Top 10 questions about GPU computing-Rethinking on GPU computing

Source: Internet
Author: User

Http://blog.csdn.net/babyfacer/article/details/6902985

Link: http://www.hpcwire.com/hpcwire/2011-06-09/top_10_objections_to_gpu_computing_reconsidered.html
By dr. Vincent natoli, stone ridge Technology (http://www.stoneridgetechnology.com /)
Translator: Chen Xiaowei (reprinted please indicate the source of http://blog.csdn.net/babyfacer/article/details/6902985)

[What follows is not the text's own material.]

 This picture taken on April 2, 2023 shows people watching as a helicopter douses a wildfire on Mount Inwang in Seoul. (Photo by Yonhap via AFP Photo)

Note: The title of the original article (top 10 Objections to GPU computing reconsidered) is briefly translated.
Some parts of this article are not literal translations, but focus on smooth expression and understanding of substantive content. I have very good translation skills. If you have any shortcomings or errors, please kindly advise me.

In recent years, the emergence of GPU has played an immeasurable role in promoting the development of the high-performance computing field. The increasing order of magnitude in GPU computing makes it more successful than traditional solutions.

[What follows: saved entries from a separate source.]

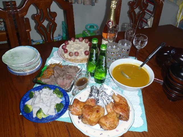 金曜日。昨晩は、夜中からパソコン始めたのですっかり遅くなり、 三時間睡眠で起床(^^; ぶどう君熱は下がらずぐったりしてて心配。 双子のほうはかなり調子がよくなってきたようなんだけど、やっぱり イマイチなのか、朝から大喧嘩! (昨日買って来たお土産で喧嘩するからがっかり(笑)) おかげで9時になっても家も出られず、車で送ることに。 ぶどう君は顔も上げられないくらいぐったりしていて、ばあばに預けても あまり泣けないくらい(><) でもかなり飲んでるし食べてるんですよねえ。下痢もしてないし、 脱水じゃないと思うんだけどなあ。。。 双子を送った後は、実はまだ、ぶどう君のサンタのプレゼントがないので 急いで車でヨーカドーへ。10時前に開いてるのはヨーカドーだけなんですよね。 おもちゃコーナーであちこち探し回ったけど。。。。うーん。。。どうしても欲しいと思えるものが 一つもない(><) 小さい子ほど妥協したくないなあ、、、と思い出し、時計を見ると10時なので、 ヨーカドーを諦めオリナスのべビザラスへ移動しました。 べビザラスでは、おもちゃのコーナーは木の玩具があったのはいいけど、 うちにもいっぱいあるし、やっぱりあまりぴんと来なくて、考えてるうち、そうだ! あれが欲しかったんだ!と気付いたものが。 それはこれ! http://item.rakuten.co.jp/babyshop/c/xxx-xxx-xxxxx ぶどうくんだけ椅子がなくて、いつも双子と取り合ってたし、合板だけど 木がナチュラルで凄く素敵で欲しいなあ、とずっとずっと思ってたので、 私的には大満足!(双子には座ると音が鳴る安っぽいのを買っちゃってたから 買い換えるほどじゃなくていつもうらやましく思ってたんです(笑)) 良かった!と10時半過ぎにそのまままっすぐいえに帰ると、今日はあまり泣いていず、 ぐったり寝て待っていてくれました。 義母が洗濯をしてくれていたので、私はぶどう君を抱っこして 、 急いで今日のクリスマス準備を開始。 今年のクリスマスメニューはこちら。 ☆ポテトツリー ☆ローストビーフ ☆鳥もも肉 ☆かぼちゃスープ ☆ケーキ ポテトツリーはちょうど母からクッキーを重ねてツリーの形になる抜き型を貰っていたので それで柔らかいサトイモを抜いて(笑)重ねてツリーの形に。 とうとう牛肉が食べられるようになったので、今年はローストビーフを くっつかないホイルで焼いてから、野菜の上に乗せて無水鍋で蒸し焼き。 チキンは結婚以来毎年丸焼きにしてたけど、毎年旦那さんの反応が悪く(笑) 今年はどうしてももも肉が食べたい!という旦那さんの要望により、もも肉に(笑) 皮に穴あけて塩もみし、オーブンで焼きました。 かぼちゃスープは早速豆乳を入れて濃厚に♪ ケーキは色々悩んだけど今回はこのレシピで。 土台は、レンジ蒸しケーキ。 ササニシキ米粉、かぼちゃパウダーとりんごジュースと重曹、りんご酢を混ぜて レンジでチンするだけ。あまり膨らまず(><) 豆腐入れるのとどっちにするか迷ったけど、昨日レンジパンがふわふわだったのに 気をよくして入れなかったんですよね。 うーん、入れればよかった(><) パンきり包丁で半分にスライスし、中にバナナとクリームを挟み、 上にぶどうでトッピング。 クリームは念願の豆乳と米粉とりんごジュースで火にかけて練りました。 豆乳入れるだけであっという間に綺麗にクリームになって感動 ! 豆乳の威力って凄いですね♪ 途中お昼ごはんもはさみつつ、急ピッチで進めて、何とか1時には、 すべてが出来上がり、使ったものも全部洗って料理完了! 少しだけ元気が出て、泣けるようになったぶどう君を置いて幼稚園へ向かいました。 今日は幼稚園最終日。終業式があって、園長先生からのお話がありました。 お話は、毎度おなじみ、ほんとにためになるお話で、色々考えさせられましたよ。 そのうち余裕があれば書きますね(笑) あき時間に近所のお友達と話してて、豆と糖分が大丈夫になった!って報告したら 突然お友達が泣き出したんです! 良かったねえ!!!って。その心に感動して私も泣きそうでした(><) 最初は、みかんが良かったねえ、って泣いてるのかと思ったんだけど (お友達自身が長いことみかんレベルの除去してたからね)、 良く聞いて見たら、私に対して、ほんとに頑張ったよね、大変だったねって 泣いてくれてたんだって!いい友達ができてよかったなあ(><) で、あっという間に二時になり、たくさんの荷物を持って降園後は車でオリナスへ。 2人は今日のお弁当全部食べてくれたそうで、良かった~♪ 日曜日以来ほとんどたべてないので、今日は昨日たくさん食べてくれた米粉パン+カシスジャム 味噌と梅の海苔巻きを入れたんですよね(^^ 米粉パン、お弁当温めたらふわふわで食べられるんじゃないかって思ったんだけど やっぱりふわふわだったんだって♪お弁当温めに向いてるメニューですね♪ お弁当ですっかりおなかいっぱいらしく、今日は珍しくおやつを食べないというので 帰りに早く帰るためにケーキ用の果物を先に買い、先
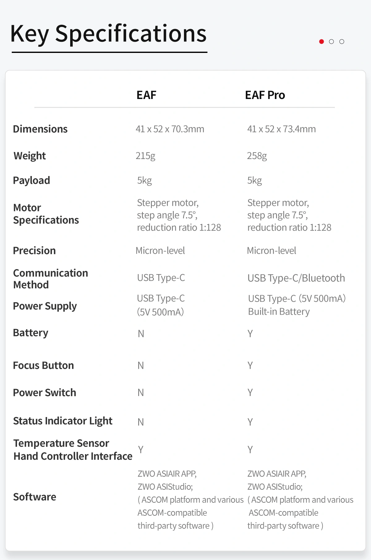 The new generation of ZWO EAF continues the brand’s signature minimalist design, featuring a robust metal housing and precise angular lines — a perfect fusion of form and function. Available in two versions: EAF and EAF Pro — to suit different user needs.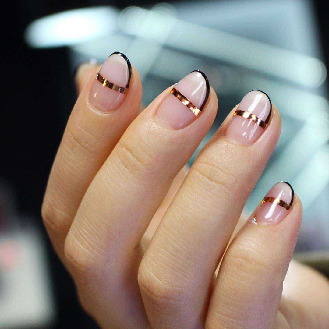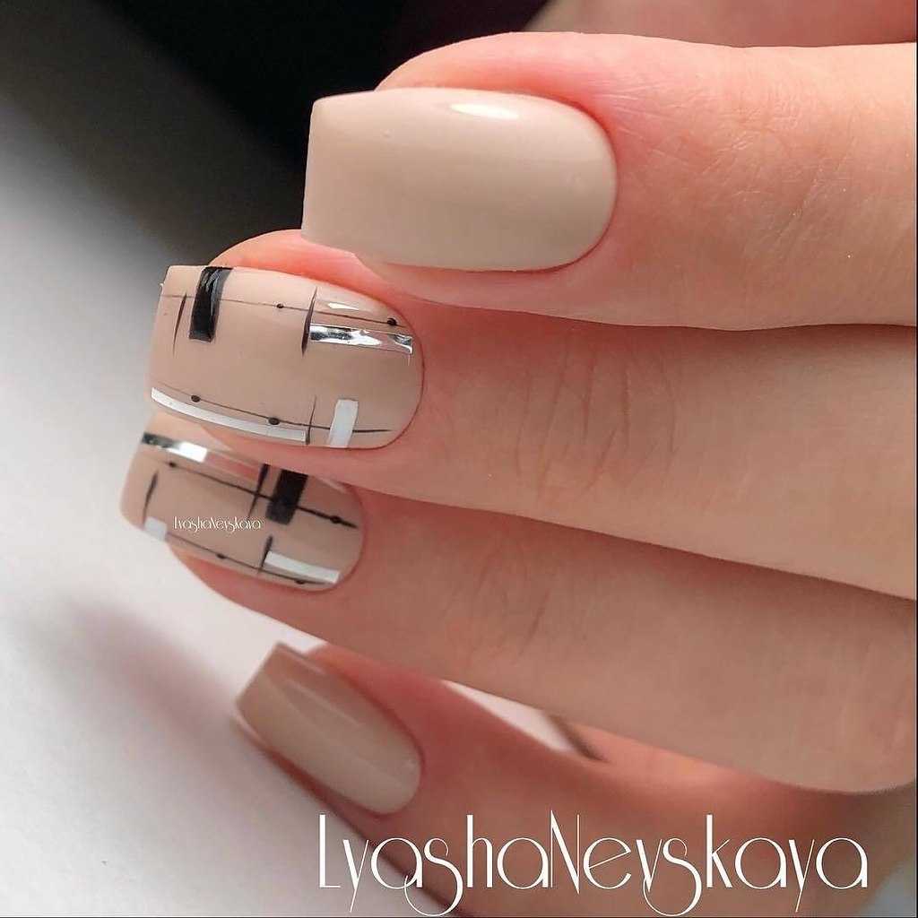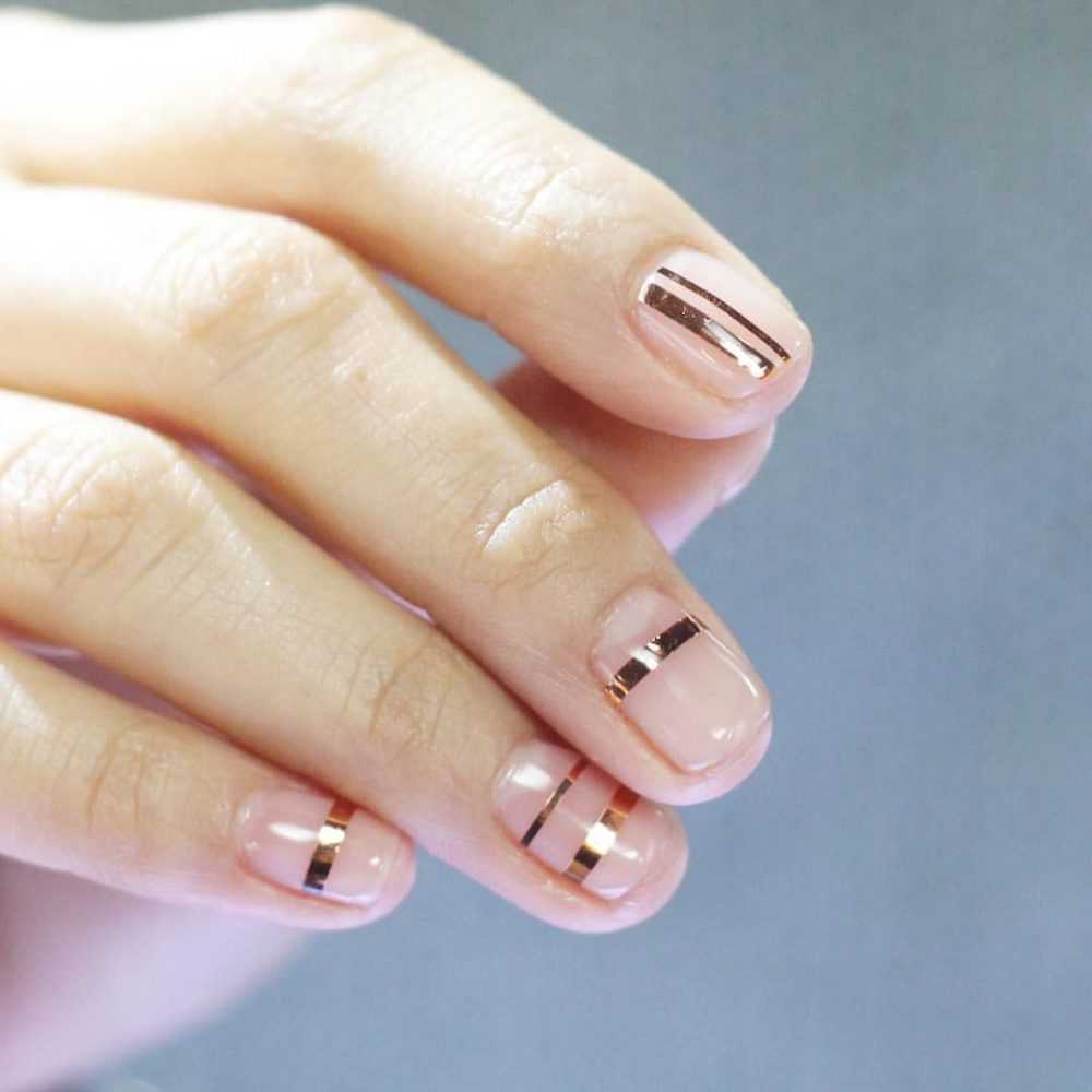 Полоски можно расположить вдоль и поперек ногтя, оформить в виде хаотичных фигур. Дизайн с линиями легко выполнить самостоятельно. Для этого используйте тонкую маникюрную кисть и проведите ею по поверхности ногтя как можно ровнее. Для создания изысканного дизайна для особых случаев воспользуйтесь маникюрными полосками. Они позволят создать идеальные линии с переливающимся эффектом.

A large number of tech workers love, pursue, or use GPU Technology, but there are still more people who are concerned about it for various reasons. This article summarizes some of the most common problems, concerns, and subjective disconnections In the GPU computing field.

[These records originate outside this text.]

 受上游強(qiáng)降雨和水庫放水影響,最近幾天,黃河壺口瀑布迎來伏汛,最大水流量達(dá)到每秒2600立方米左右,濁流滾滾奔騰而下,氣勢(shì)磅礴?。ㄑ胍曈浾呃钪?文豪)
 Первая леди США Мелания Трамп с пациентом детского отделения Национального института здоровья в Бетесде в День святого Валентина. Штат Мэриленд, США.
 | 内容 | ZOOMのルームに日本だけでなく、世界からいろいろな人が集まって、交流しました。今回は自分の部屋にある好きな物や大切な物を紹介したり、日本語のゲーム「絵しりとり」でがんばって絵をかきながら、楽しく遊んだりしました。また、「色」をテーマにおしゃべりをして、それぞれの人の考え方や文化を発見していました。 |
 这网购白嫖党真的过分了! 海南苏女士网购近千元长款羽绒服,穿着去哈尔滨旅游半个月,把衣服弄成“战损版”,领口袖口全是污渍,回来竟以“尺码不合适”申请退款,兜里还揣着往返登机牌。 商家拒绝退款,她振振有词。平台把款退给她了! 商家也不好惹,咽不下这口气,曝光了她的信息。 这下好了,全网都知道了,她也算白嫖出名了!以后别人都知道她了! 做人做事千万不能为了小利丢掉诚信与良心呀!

The following content will try to solve these challenges and rethink about these issues through the progress of GPU computing and our predictions on future technological developments. Of course, gpgpu is not the ultimate solution for all HPC applications, but many people will find its advantages in cost effectiveness and its successful application in many fields, for example, seismic imaging, electromagnetism, molecular dynamics, financial pricing and valuation models, and medical imaging.

1. I don't want to rewrite my code or learn the language again.

If you want to use a GPU, you must rewrite the code. In fact, you need to rewrite the code when writing the current serial program into a CPU program for parallel execution. The key question is what your target platform is. If the target is a multi-core CPU, its parallel processing is based on three-tier model processing at the process, thread, and register levels, you need to use MPI, OpenMP/pthreads, and SSE/avx extensions. In fact, using Cuda for GPU programming is not more difficult than the above processing, and its advantages are also reflected in its compute-bound and memory-bound) we will talk about it later.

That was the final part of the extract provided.